Avrupa'nın Müslüman Türklere ve İslam'a bakışı bu minvalde.
İslam Peygamberi Hz. Muhammed'e (SAV) hakaretlerin asırlardır Avrupa basınında yer alması bundandır. Peygamberimiz (SAV) ile ilgili karikatürlerin bir sanat çalışması olmadığını biliyoruz. Avrupa'nın bu hadsizliğini "İslam adına!" teröre gerekçe edenleri lanetliyoruz, lakin 2 milyara yakın Müslüman'ın dokunulmazı olan Peygamberimizle alay etmenin bir Avrupalı için normal bir şey olması, Müslümanlar için de öyle olmasını gerektirmediği kabul edilmelidir.
Slavoj Zizek'in ifadesiyle, "Tanrısallıkla karvanalesk bir şekilde alay etme Avrupa din geleneğinin bir parçası" olsa da Müslümanlara, başkalarının kutsalları ile alay etmeleri yasaklandığı gibi, başkalarının da Müslümanların kutsalları ile alay etmelerine rıza göstermemeleri emredilmiştir.
Kutsala hürmeti kalmayan Batı, profan anlayışı yüzünden batakta çırpınıyor. Aile yok olurken, cinsel sapmalar Batı için terörden daha tehlikeli hale geliyor.

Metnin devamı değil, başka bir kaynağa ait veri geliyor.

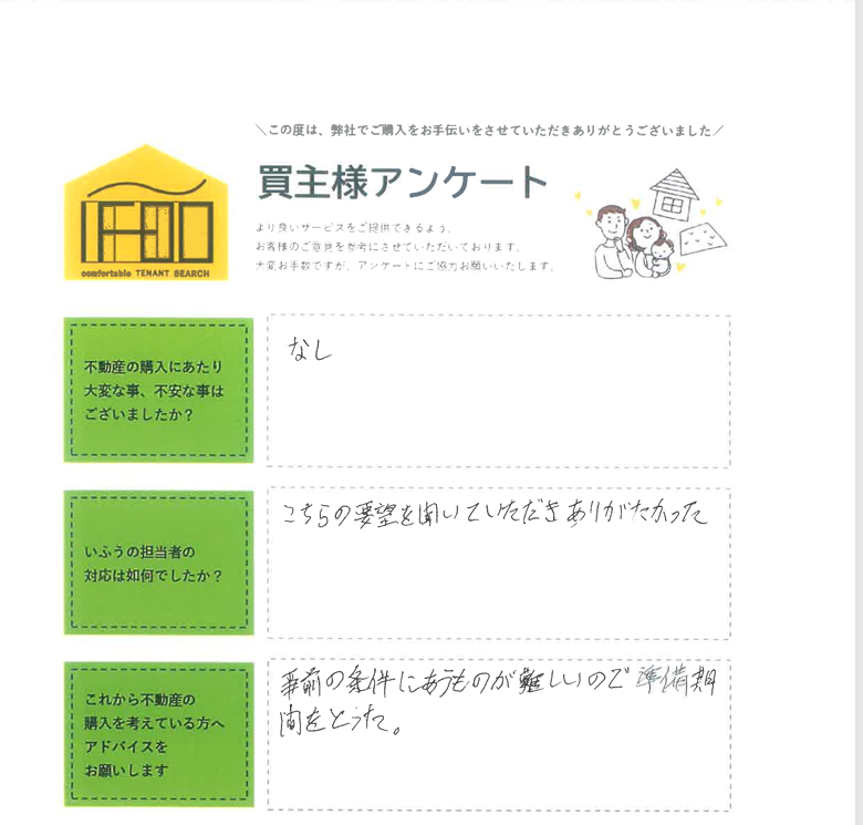 買主様アンケート~大分市 富士見が丘東~ Posted 2025年12月20日 by ifoo-Staff 買主様 この度はご購入いただき、誠にありがとうございました。 条件に合う物件が見つかり大変うれしく思います。 今後ともよろしくお願いいたします!
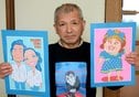 丸山さんは20代を過ごしたスペインでガラス絵と出合い、創作歴50年。同会場では15回目の個展で、「かわいいと、心を和ませてもらえたらうれしい」と話した。
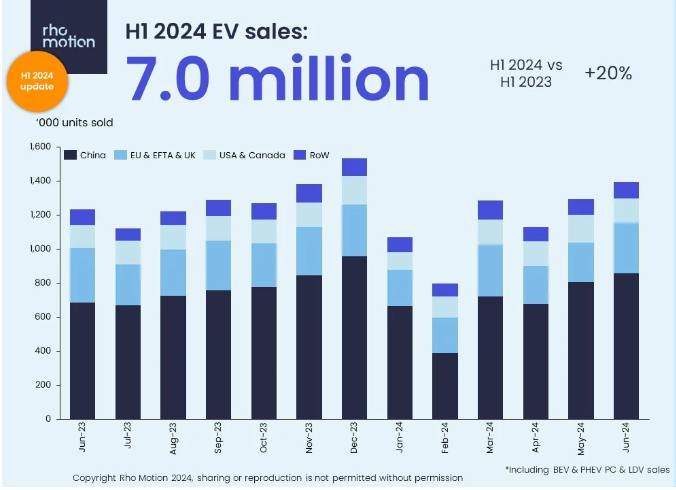 然而,欧洲市场的情况则不容乐观。Rho Motion表示,今年迄今为止,欧洲的电动汽车销售额下降了4%。特别是德国,在补贴削减后,其销售额下降了23%。
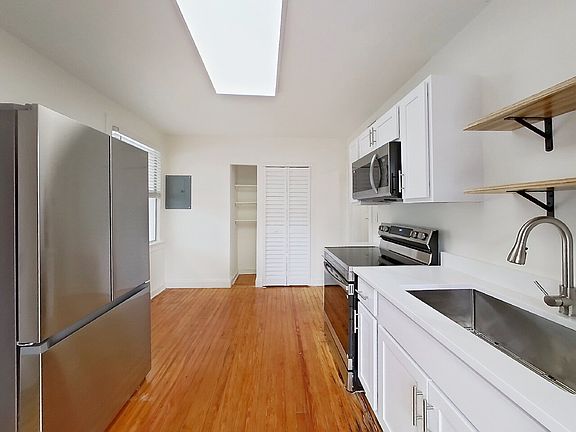 Step inside to discover a bright, airy floor plan anchored by newly refinished original hardwood floors that glow with natural light. The heart of the home is the brand-new kitchen, featuring sleek, cabinetry, gleaming stone countertops, washer/dryer hookups and a full suite of brand new stainless steel appliances, a rare find for an efficiency unit. Perfect for entertaining after a day in the sun.
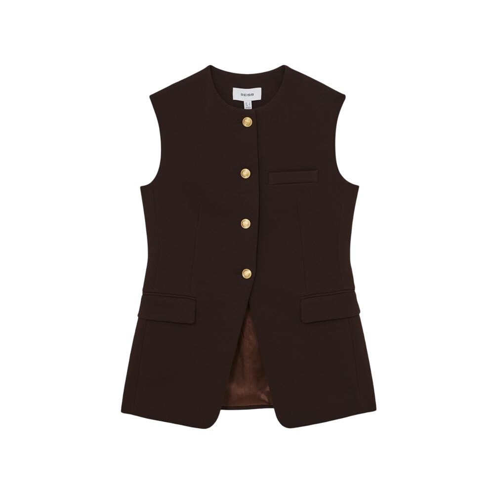 The Priya waistcoat is tailored to a longline silhouette, with a high neckline and a cut-away front. Polished crest-embossed buttons accent the front for a refined finish. High neckline, Flap welt pockets, Cut-away front, Crest-embossed front buttons.

Manevi açlık Avrupa'da her gün biraz daha kendini hissettirirken, İslam'a ilgi de her geçen gün artıyor.
İşte bu ahvaldeki Almanya'da, dünya çapında şöhret sahibi ve üstelik Türk olan bir futbolcunun mübarek İslam'ı olumlu şekilde gündeme getirmesi linç sebebi olarak kabul edilmiştir.
Olay budur.
Montgomery Watt, İslam'ın Ortaçağ Avrupası Üzerindeki Etkisi, s. 113.
İbrahim Kalın, İslam ve Batı, s.165.
Slavoj Zizek, İslam'ın Arşivleri, s.15.